What policy changes are needed to unlock private-sector investment in biodiversity and ecosystem services?

We need policies that level the playing field, so that sustainable practices aren't just a niche strategy. Governments must streamline biodiversity and climate considerations across all policy areas. This means mandatory corporate due diligence, sustainability reporting, and creating economic incentives that make environmental protection a core business strategy, not just a side initiative. The European Union's Green Deal offers a great model – integrating sustainability into corporate reporting, development aid, and economic planning.

What is the Rainforest Alliance prioritising for COP30 in Belem?

We will have three critical focus areas for this COP. First, reducing emissions – the agriculture and forestry sector generates 22% of global greenhouse gases. We're advocating for an end to deforestation and rapid implementation of climate-smart practices like regenerative agriculture. Second, building resilience models for rural communities. Climate change disproportionately impacts smallholder farmers, Indigenous peoples, and marginalized groups. We need solutions that protect their livelihoods and ecosystems. Third, we want to drive increased financial support. Right now, very little climate finance reaches local levels. We're calling on governments and multilateral banks to dramatically increase funding for locally led nature-based solutions.

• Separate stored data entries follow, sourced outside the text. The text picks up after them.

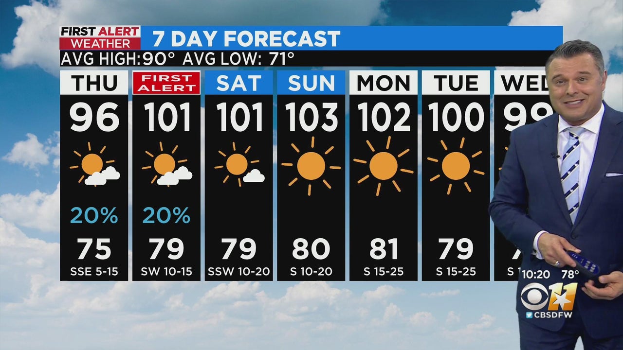 There is a 20% chance for rain Thursday before temperatures rise to the 100s this weekend.
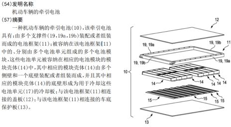 專利的說法備注:相應的模塊殼體的底壁具有上板和下板,上板和下板在第一區(qū)段上彼此貼靠并且在彼此連接,并且其中所述上板和下板在第二區(qū)段上是彼此間隔開的,同時形成冷卻通道。
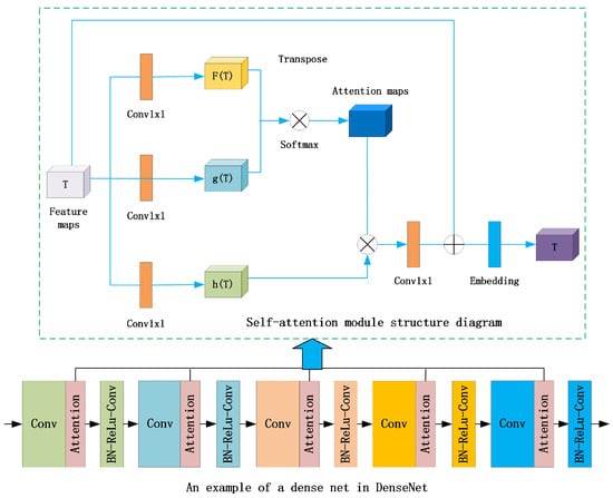 The upper part, as shown in Figure 6, is the self-attention module, where first, the channel dimension of the input feature map is compressed by 1 × 1 convolution to reduce redundant information and improve computational speed. Then, the transpose operation is performed on the output feature maps of the F(X) branch and matrix multiplication is performed with the output feature maps of the g(X) branch to obtain the similarity between feature maps. Next, the similarity is normalized using Softmax function to obtain the attention matrix. Finally, the feature maps of the h(X) branch are multiplied with the feature maps of the other branch to obtain the final feature maps, which realizes the weight reassignment of the features. Subsequently, the outcome is supplied to the Softmax function, and a 1 × 1 convolution kernel is employed in the output processing to maintain channel consistency with the input feature map’s channels.
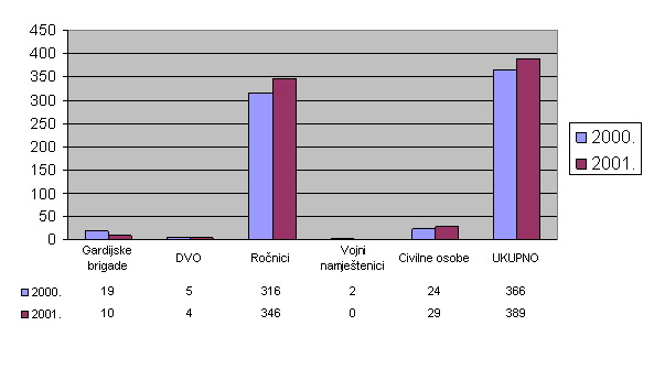 tijekom 2001. evidentirano 166 kao počinitelja, ili 46,11% od ukupnog
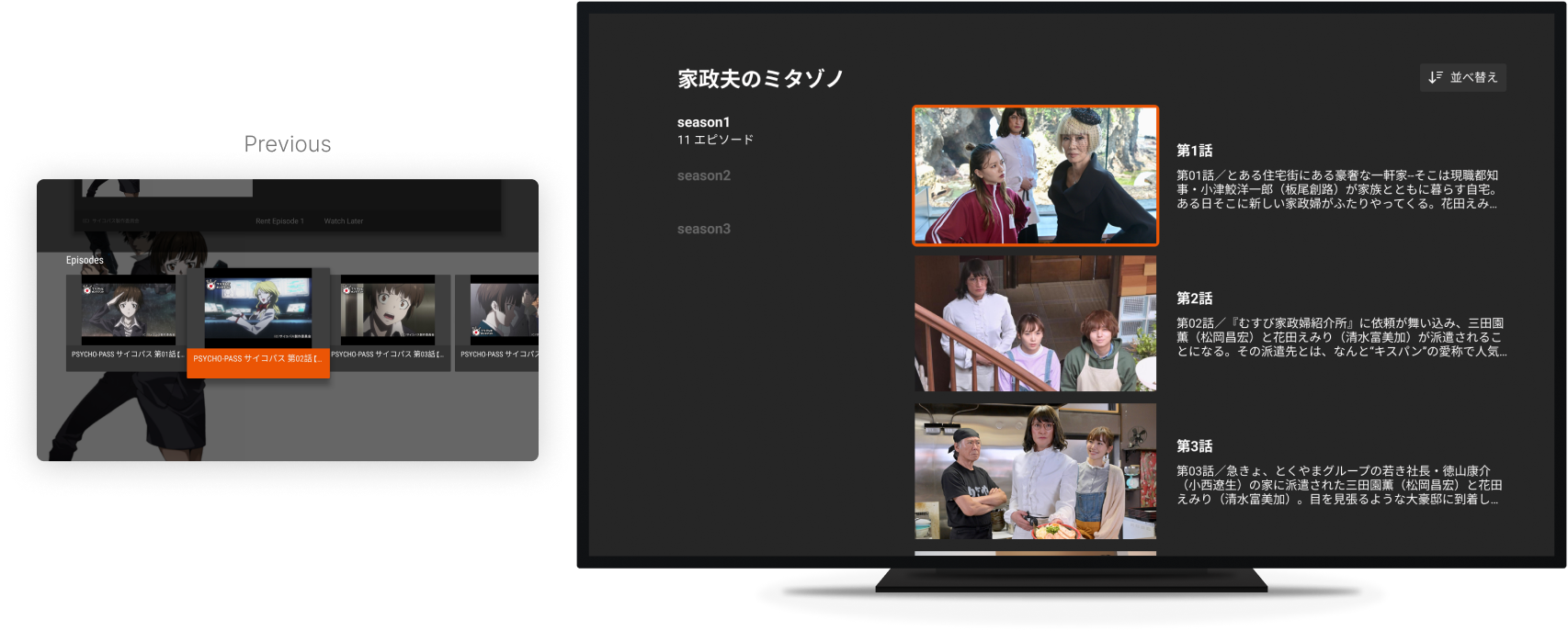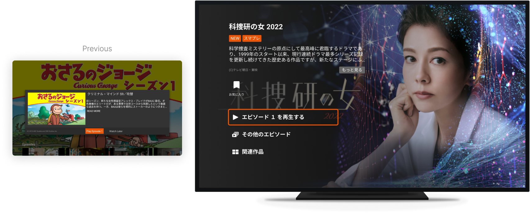 Our latest TELASA AndroidTV app revamp offers a fresh visual experience, featuring an elegant full-screen design and a simplified menu structure for increased ease of use and interaction. With this update, we aim to provide a new world of digital entertainment that perfectly balances convenience with sophisticated aesthetics.
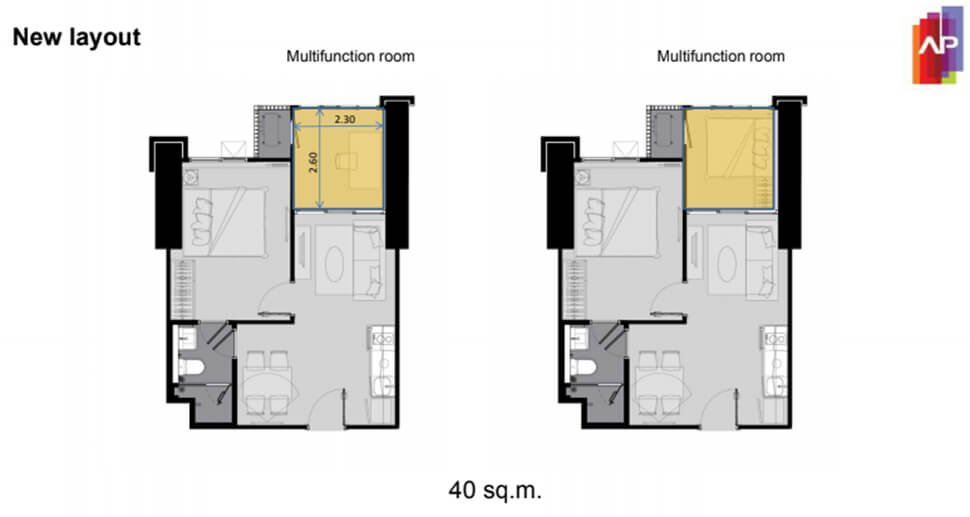 สำหรับ Layout จะมาด้วยแนวคิด Supreme Space Design in Tomorrow’s Functionality จัดวางฟังก์ชั่นอย่างเป็นสัดส่วน ขนาดยูนิตของโครงการนี้จะเริ่มต้นที่ STUDIO 25.50 ตร.ม. 1 Bedroom 30.00-32.00 ตร.ม. 1 Bedroom Plus 35.00-40.00 ตร.ม. และ 2 Bedroom 48.50-60.00 ตร.ม. โดยนำเอาเทคนิคการวางยูนิตแบบ Interlock มาใช้กับห้องแบบ 1 Bedroom กับ 1 Bedroom Plus เพื่อให้แต่ละยูนิตมีพื้นที่ใช้สอยภายในห้องเพิ่มมากขึ้น และยังมี Layout แบบใหม่จาก AP มาลงโครงการนี้ที่แรกด้วยค่ะ

What are you most looking forward to discussing or hearing about at the Nature Finance Forum Europe?

I look forward to hearing more about innovation and cross-collaboration to address this massive gap in financing the transition of traditional agriculture to regenerative practices and unlocking the potential of the sector for net positive. We're not just fighting climate change; we're reimagining how people can work in harmony with nature, and to do that at scale, financing is imperative.